I Choose Her Road – On Becoming My Mother

As I slapped on the “war paint” this morning, I laughed out loud. How is it possible that I even apply makeup the same way mom does?! Who knows, but I do.

I laugh like she does, slowly… quietly, unless I’m really feeling tickled.

I much prefer pajamas and staying at home and canceling dates to watch old movies vs. making small talk with folks in my outer social circles like she does.

I have fun laughing with my daughter and nicknaming my daughter and dreaming about my daughter’s future like she does.

I exaggerate my stories like she does.

I can stare off into the middle distance and lose 20 minutes while contemplating situations and remembering memories that only exist in my head just like she does.

I eat soup like she does, blowing on every spoonful even long after it’s cooled to a comfortable temperature.

I love my husband with a passion so fierce it knocks me over at least once a day and I rely on him too much for my life to subsist as it does just like she does.

Mom and Dad with 1980s baby

I buy all the supplies to try a new craft or food creation, but get bored before I finish my first project like she does.

I feel alive when I dance, but never get enough opportunities to do so, like she does.

I like pretty jewelry much more than clothes shopping, like she does.

I want to make a difference with my life, but find life trying really hard to beat me down whenever I give it the best college try just like she does.

I have unhealthy vices that I turn to in times of need (and times of sadness and times of happiness and times of boredom and times of every), just like she does.

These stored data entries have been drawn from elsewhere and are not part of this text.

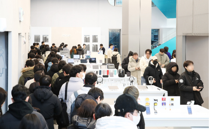삼성전자의 스마트폰 갤럭시S25 시리즈 사전 개통이 시작된 지난 2월 4일 서울 서초구 서초동 삼성 강남을 방문한 고객들이 픽업존 앞에서 제품 수령을 하고 있다. [사진 = 삼성전자] KT가 갤럭시S25 시리즈 사전 예약 당시 예약 신청 취소를 당한 고객에게 추가 보상을 진행한다.
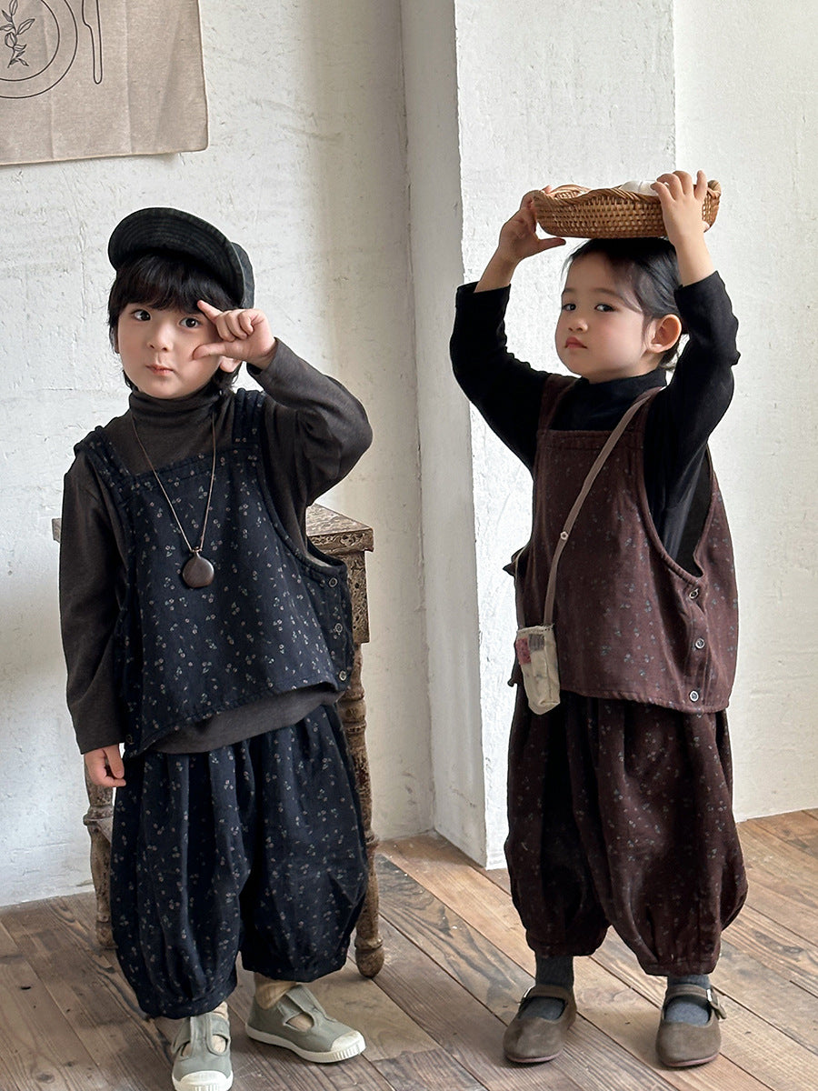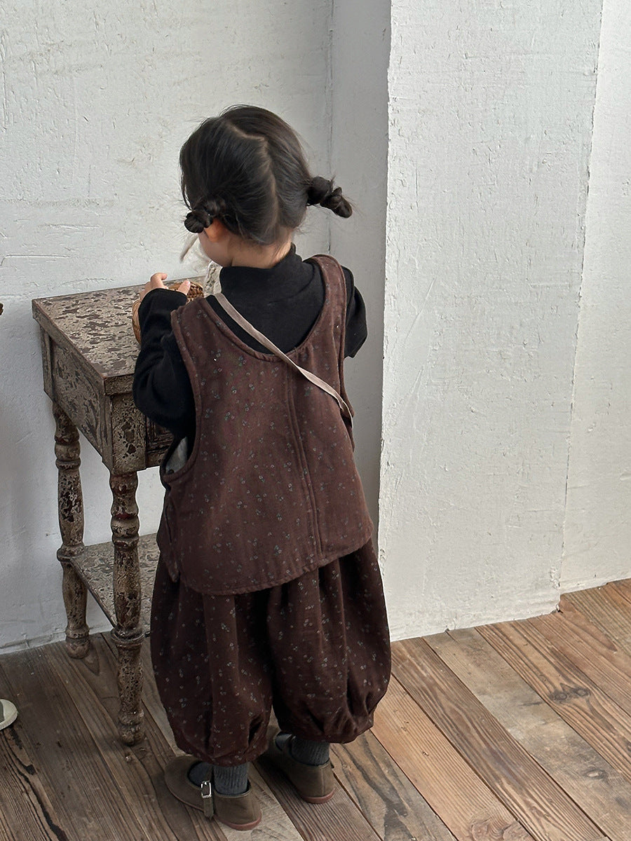 “やりすぎない”可愛さが毎日を楽しくする、ベストとサーカスパンツの小花柄2点セット。
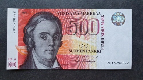 フィンランド 500 マルカー 1986、aUNC、P120、リット A (アレニウス、ハマライネン)
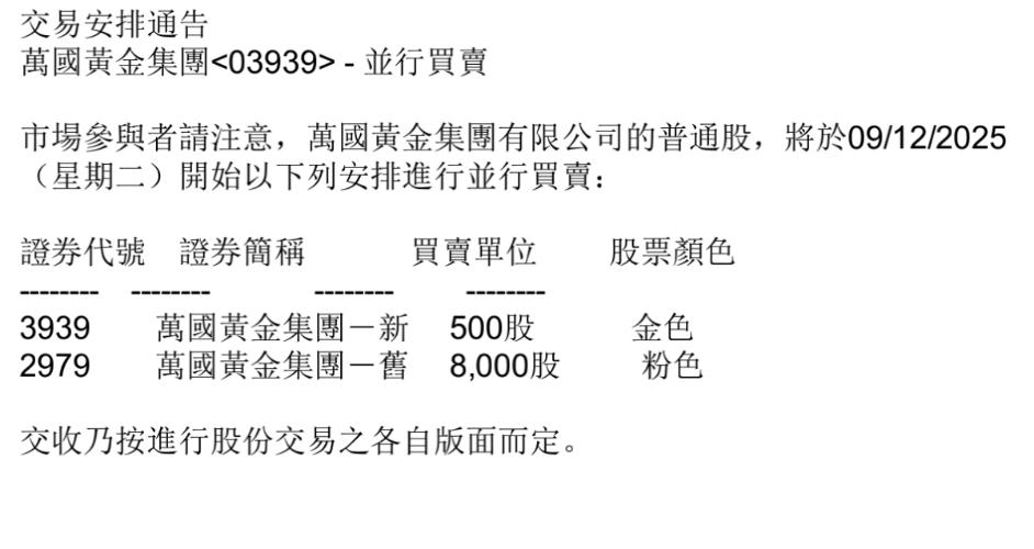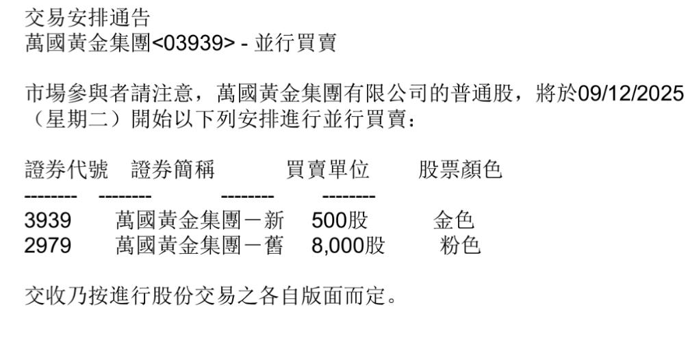 $万国黄金集团(HK|02979)$$万国黄金集团(HK|03939)$出公告了,12月9日(下周二),3939和2979都可以交易,3939是每手500股,2979是每手8000股。
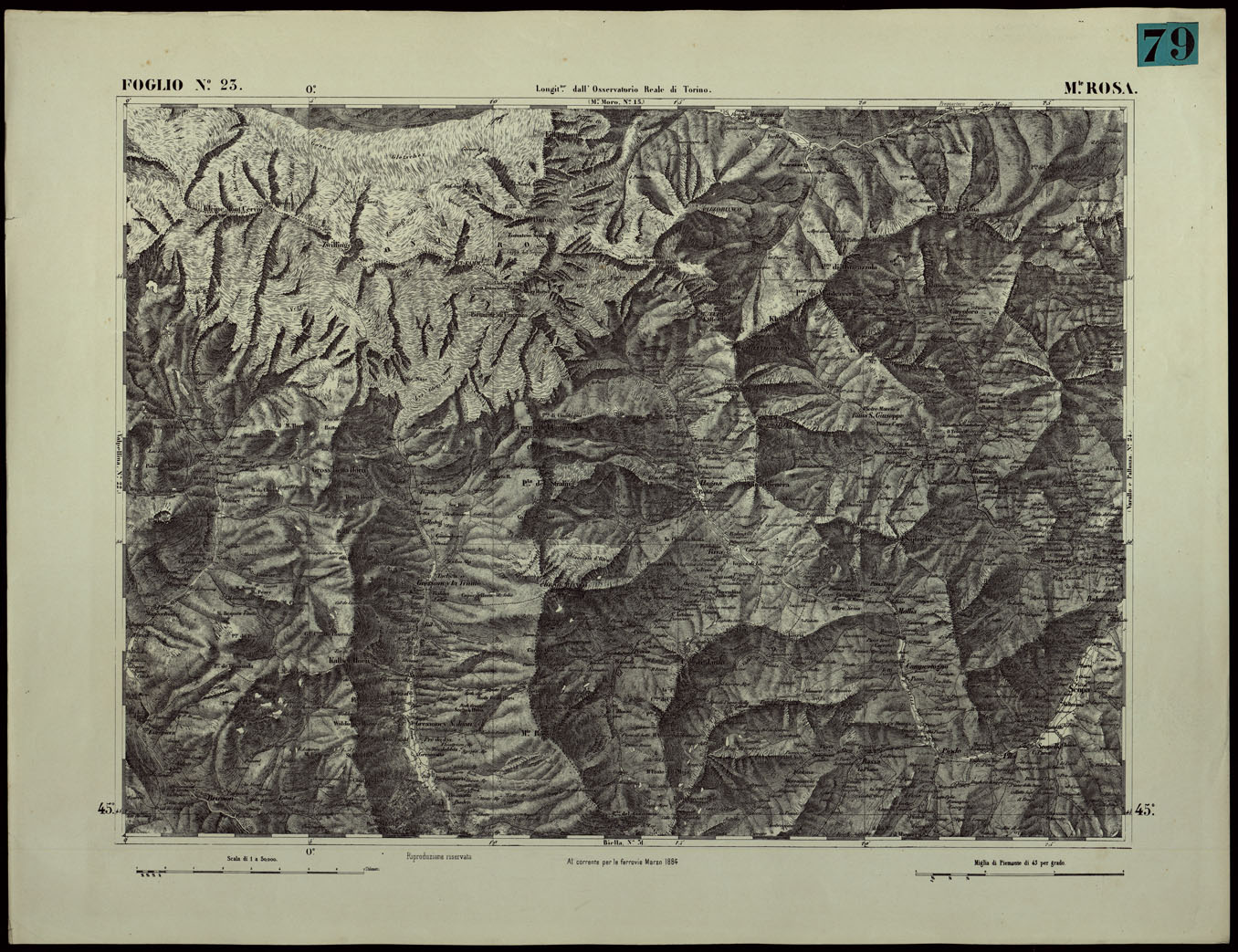 CARTA TOPOGRAFICA DEGLI STATI IN TERRAFERMA DI S.M. IL RE DI SARDEGNA ALLA SCALA DI 1.A 50.000. OPERA DEL CORPO REALE DELLO STATO MAGGIORE - FOGLIO N.°23. MONTE ROSA

Houseboat Cruise on Mississippi River

I like having pretty things in my house, but am too lazy to keep up with the cleaning like she does.

I love hosting parties (with my husband to do help with the grunt work) like she does.

Key West Beach

“Did”, Maggie. The correct tense of the verb is “did”.

Sigh.

It’s been a year since I got the second most dreaded phone call of my life. (Not ranked in importance, just in timing…) A year as a grown-up orphan making really grown-up decisions without a parental’s advice to assist.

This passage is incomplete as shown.